What the exercise asks: Below is a listing with pictures in it. Copy it exactly without them.
Start of Information shown
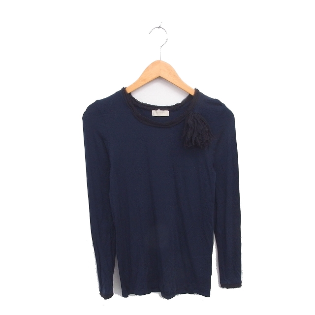 【中古】キワシルフィー KiwaSylphy カットソー Tシャツ ボートネック 薄手 フリンジ ボートネック 長袖 ネイビー 紺
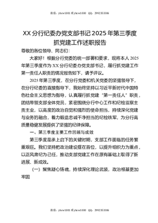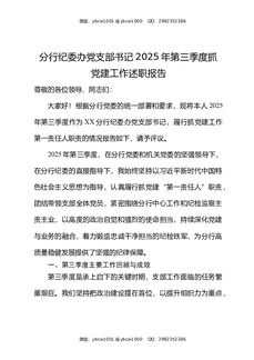 分行纪委办党支部书记2025年第三季度抓党建工作述职报告.docx
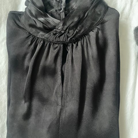 Strikket i str M i tynn silk mohair sammen med mini alpakka, begge fra Sandnes garn (mørk blå, natur/off white, lys grå og brun). Har strikket den litt lenger på armene og full lengde er 60 cm. God og varm genser. Har bare brukt den den et par ganger.
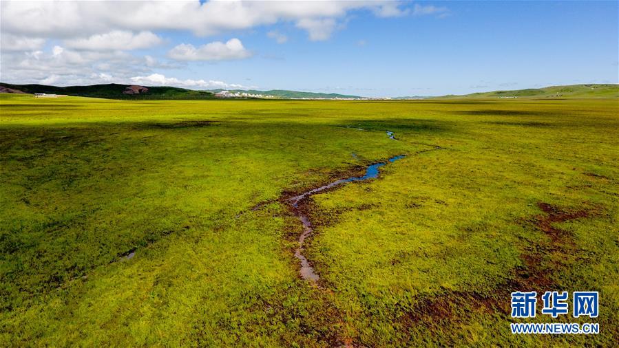 四川省红原县日干乔湿地里形成的小沟(7月30日无人机拍摄)。新华社发(王曦 摄)
End of Information shown
Response for this exercise:
 【中古】キワシルフィー KiwaSylphy カットソー Tシャツ ボートネック 薄手 フリンジ ボートネック 長袖 ネイビー 紺
 分行纪委办党支部书记2025年第三季度抓党建工作述职报告.docx
 Strikket i str M i tynn silk mohair sammen med mini alpakka, begge fra Sandnes garn (mørk blå, natur/off white, lys grå og brun). Har strikket den litt lenger på armene og full lengde er 60 cm. God og varm genser. Har bare brukt den den et par ganger.
 四川省红原县日干乔湿地里形成的小沟(7月30日无人机拍摄)。新华社发(王曦 摄)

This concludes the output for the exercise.